Have a question about this project? Sign up for a free GitHub account to open an issue and contact its maintainers and the community.

By clicking “Sign up for GitHub”, you agree to our terms of service and privacy statement. We’ll occasionally send you account related emails.

Already on GitHub? Sign in to your account

Long-running workflow with a promise is being unexpectedly suspended after 60 seconds #35

Open
pstemporowski opened this issue Dec 1, 2024 · 6 comments

Comments

@pstemporowski
Copy link

pstemporowski commented Dec 1, 2024

I am using a promise in a long-running workflow to wait until it gets resolved or cancelled. However, the workflow in rust is consistently being cancelled exactly one minute after the workflow starts.
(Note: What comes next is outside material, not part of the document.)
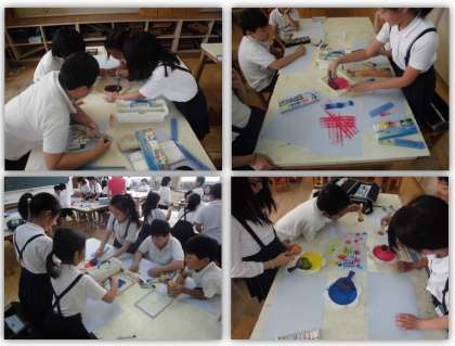 4年位の図画工作の学習です、今日は図工室に行き、ローラーやスタンプを使って、作品の台紙を作りました。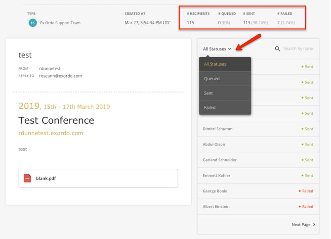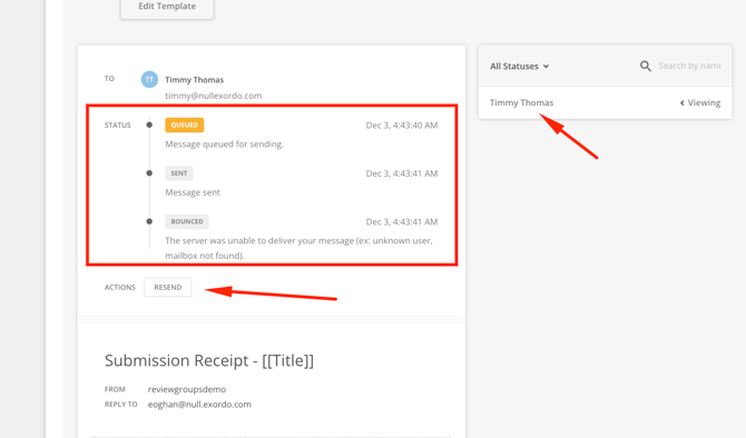 First, be sure to follow the steps above to open the email you are investigating. You can then see additional information when clicking on a specific person's name. You can even try to Resend the email if you know the address is correct.

The minimal script example in TypeScript (see the section at the bottom) worked as intended.

Error logs:

restate_sdk::endpoint::futures::handler_state_aware: Error while processing handler Suspended rpc.system="restate" rpc.service=Subscriber rpc.method=run

restate_sdk::hyper: Handler failure: Error(Suspended)

Minimal Reproduction Code

Here is a minimal code example to reproduce the issue
Restate SDK Version: 0.3

Steps to Reproduce

  1. Run the rust code below.
  2. Start the workflow with run.
  3. Wait for longer than 60 seconds without resolving the promise.
  4. Observe the workflow being cancelled with the logged error.

Rust (Not working)

use log::info;
use restate_sdk::errors::HandlerResult;
use restate_sdk::prelude::{
    ContextPromises, Endpoint, HttpServer, SharedWorkflowContext, WorkflowContext,
};

#[restate_sdk::workflow]
pub(crate) trait LongRunningWorkflow {
    async fn run() -> HandlerResult<()>;
    #[shared]
    async fn resolve_promise() -> HandlerResult<()>;
}

pub struct LongrunningWorkflowImpl;

impl LongRunningWorkflow for LongRunningWorkflowImpl {
    async fn run(&self, ctx: WorkflowContext<'_>) -> HandlerResult<()> {
        info!("Started long running workflow");

        let some_promise = ctx.promise::<bool>("somePromise").await?;

        info!("Promise resolved: {}", some_promise);

        Ok(())
    }

    async fn resolve_promise(&self, ctx: SharedWorkflowContext<'_>) -> HandlerResult<()> {
        info!("Resolving promise");
        ctx.resolve_promise::<bool>("somePromise", true);

        Ok(())
    }
}

#[tokio::main]
async fn main() {
    tracing_subscriber::fmt::init();
    let endpoint = Endpoint::builder()
        .bind(LongRunningWorkflowImpl.serve())
        .build();

    HttpServer::new(endpoint)
        .listen_and_serve("0.0.0.0:9080".parse().unwrap())
        .await;
}

Typescript (Working)

import * as restate from "@restatedev/restate-sdk";
import type { WorkflowContext, WorkflowSharedContext } from "@restatedev/restate-sdk";

const longrunningWorkflow = restate.workflow({
  name: "longrunning",
  handlers: {
    run: async (ctx: WorkflowContext) => {
      console.info("Started long running workflow");

      const somePromise = await ctx
        .promise<boolean>("somePromise");

      console.info(`Promise resolved: ${somePromise}`);
    },
    resolvePromise: (ctx: WorkflowSharedContext) => {
      console.info("Resolving promise");
      ctx
        .promise<boolean>("somePromise")
        .resolve(true);
    }
  },
});

export type LongrunningWorkflow = typeof longrunningWorkflow;

restate.endpoint().bind(longrunningWorkflow).listen();

Restate on docker compose

version: '3.8'

services:
  restate_server:
    image: docker.io/restatedev/restate:1.1
    ports:
      - "8080:8080"
      - "9070:9070"
      - "9071:9071"
    extra_hosts:
      - "host.docker.internal:host-gateway"
@slinkydeveloper
Copy link
Collaborator

slinkydeveloper commented Dec 2, 2024

What you see there is not the workflow being cancelled, but being suspended. This is expected when the handler is waiting on some operation to make progress, and restate will resume the workflow back from the point where it left when it can make further progress!
Check out this page https://docs.restate.dev/concepts/durable_execution to learn more.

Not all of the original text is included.